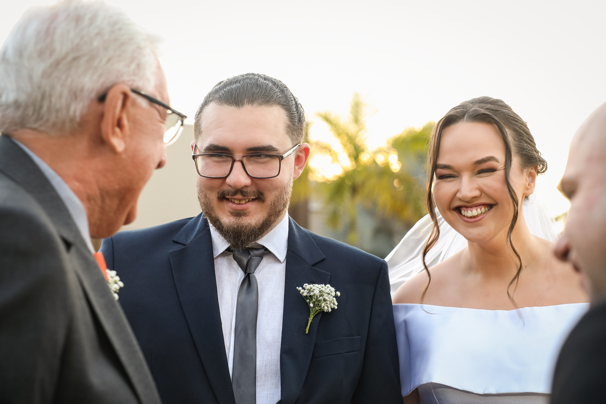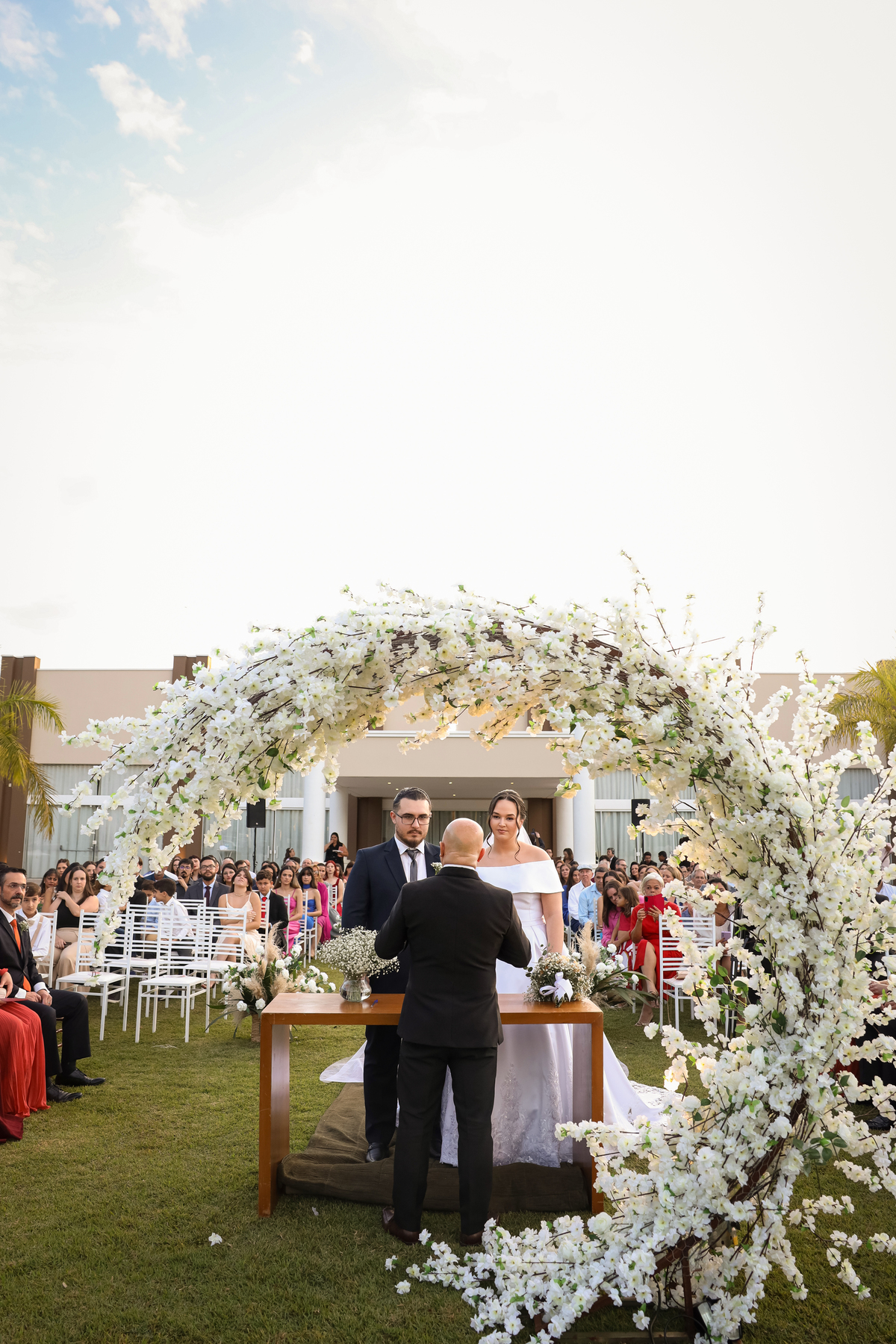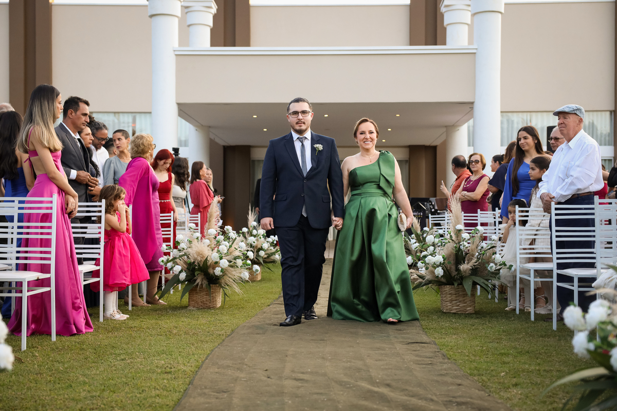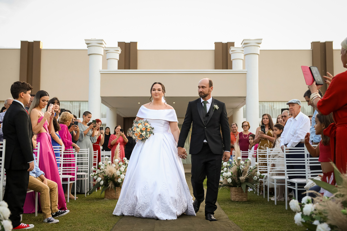 A cerimônia aconteceu na área externa do Salão Villa Eccny, bem no horário do pôr do sol, que deixou o ambiente ainda mais mágico. A decoração da cerimônia trouxe toda a delicadeza do branco e do verde, destacando-se um lindo semi-arco de flores brancas no altar, que serviu de moldura perfeita para o “sim” tão esperado.
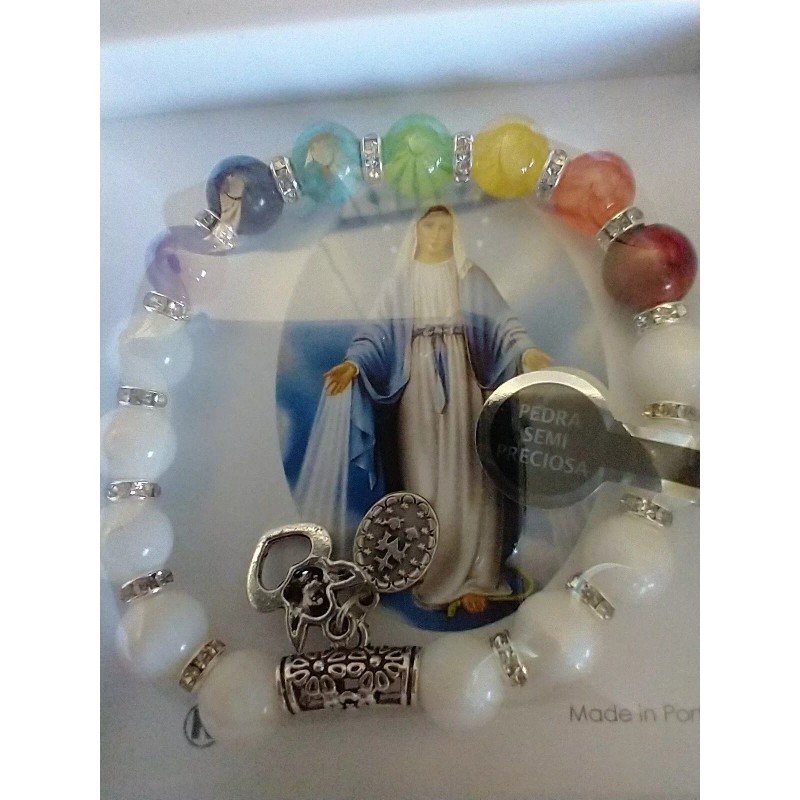 Catholic Multicolor Linked Bracelet with Semi Precious Stones Miraculous Medal
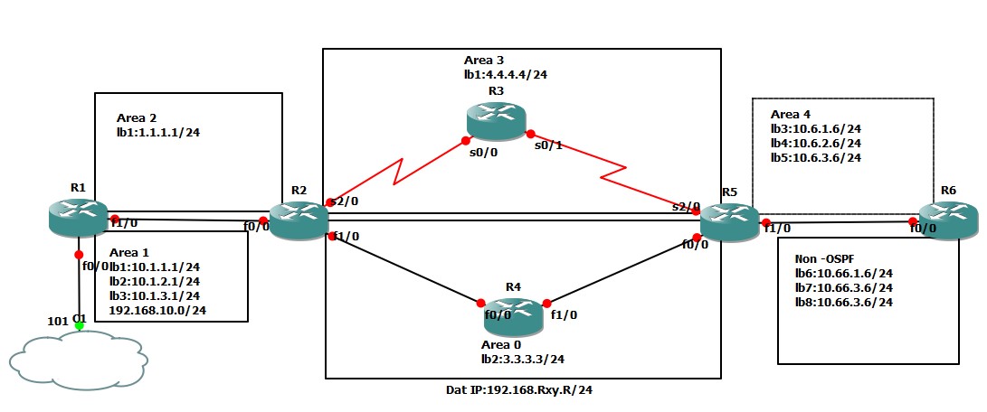 - R6: Không học được các route từ mạng thuộc area 1 vì area 1 không kết nối trực tiếp với area 0 nên các thong tin sẽ không học được, muốn có được các route từ area 1 thì phải cấu hình virtual-link cho area 2 (giữa Router ABR là R1 và R2).
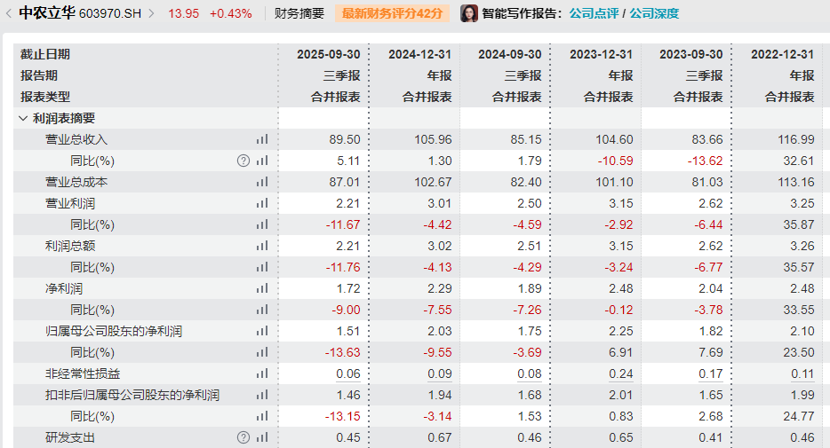 业绩方面,中农立华前三季度只增收不增利。中农立华三季报显示,公司前三季度实现营业收入89.5亿元,同比增长5.11%;归属于母公司所有者的净利润为1.51亿元,同比下降13.63%。
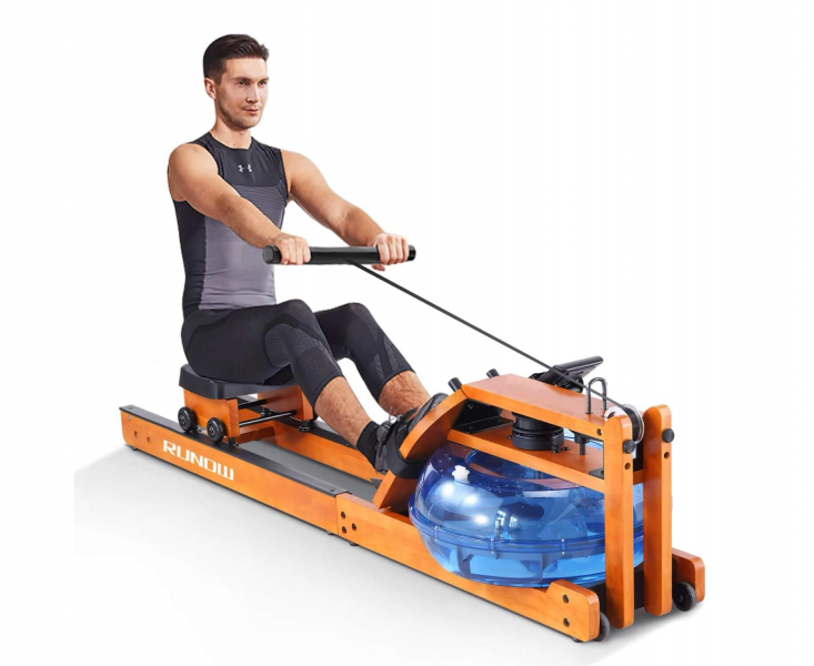 Гребной тренажер DFC Runow 6203 выполнен в цвете Оранжевый дуб и предназначен для пользователей весом до 125 килограмм. Тренажер компактен и может быть установлен вертикально у стены.
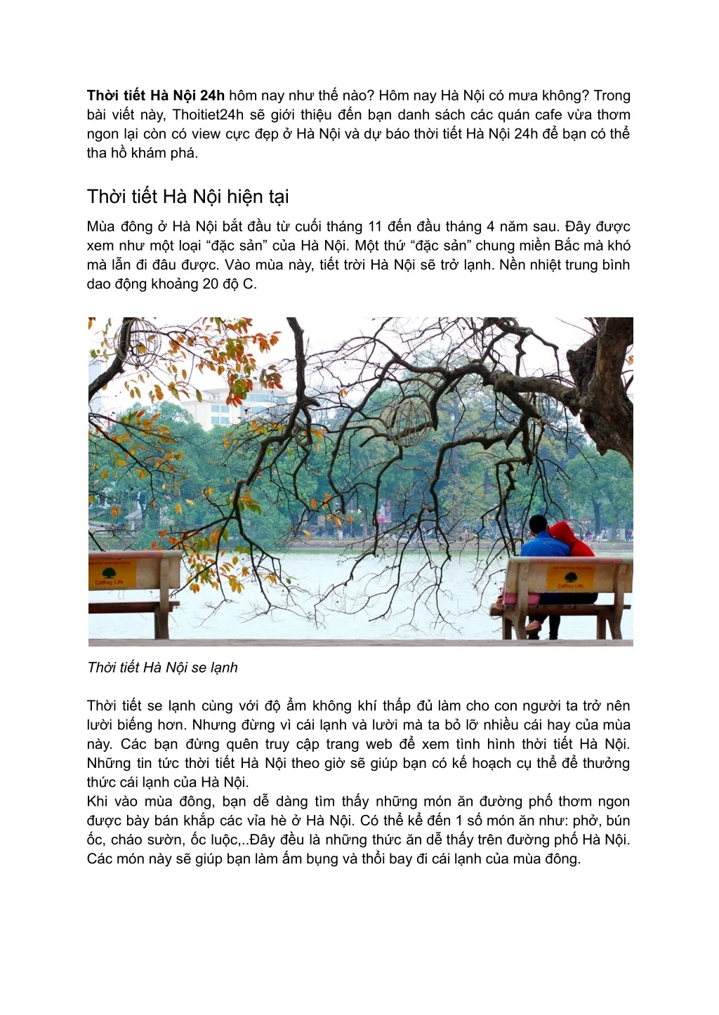 Thời tiết Hà Nội 24h hôm nay như thế nào? Hôm nay Hà Nội có mưa không? Trong bài viết này, Thoitiet24h sẽ giới thiệu đến bạn danh sách các quán cafe vừa thơm ngon lại còn có view cực đẹp ở Hà Nội và dự báo thời tiết Hà Nội 24h để bạn có thể tha hồ khám phá. Thời tiết Hà Nội hiện tại Mùa đông ở Hà Nội bắt đầu từ cuối tháng 11 đến đầu tháng 4 năm sau. Đây được xem như một loại “đặc sản” của Hà Nội. Một thứ “đặc sản” chung miền Bắc mà khó mà lẫn đi đâu được. Vào mùa này, tiết trời Hà Nội sẽ trở lạnh. Nền nhiệt trung bình dao động khoảng 20 độ C. Thời tiết Hà Nội se lạnh Thời tiết se lạnh cùng với độ ẩm không khí thấp đủ làm cho con người ta trở nên lười biếng hơn. Nhưng đừng vì cái lạnh và lười mà ta bỏ lỡ nhiều cái hay của mùa này. Các bạn đừng quên truy cập trang web để xem tình hình thời tiết Hà Nội. Những tin tức thời tiết Hà Nội theo giờ sẽ giúp bạn có kế hoạch cụ thể để thưởng thức cái lạnh của Hà Nội. Khi vào mùa đông, bạn dễ dàng tìm thấy những món ăn đường phố thơm ngon được bày bán khắp các vỉa hè ở Hà Nội. Có thể kể đến 1 số món ăn như: phở, bún ốc, cháo sườn, ốc luộc,..Đây đều là những thức ăn dễ thấy trên đường phố Hà Nội. Các món này sẽ giúp bạn làm ấm bụng và thổi bay đi cái lạnh của mùa đông.
━━━━━━━━━━━━━━━━━━━━
__WHAT NEEDS TO BE DONE__: Your answer must be the exact lines from the records above, from the one containing "业绩方面,中农立华前三季度只" through the one containing "Гребной тренажер DFC", both included, with every picture left out.

__YOUR RESPONSE__:
 业绩方面,中农立华前三季度只增收不增利。中农立华三季报显示,公司前三季度实现营业收入89.5亿元,同比增长5.11%;归属于母公司所有者的净利润为1.51亿元,同比下降13.63%。
 Гребной тренажер DFC Runow 6203 выполнен в цвете Оранжевый дуб и предназначен для пользователей весом до 125 килограмм. Тренажер компактен и может быть установлен вертикально у стены.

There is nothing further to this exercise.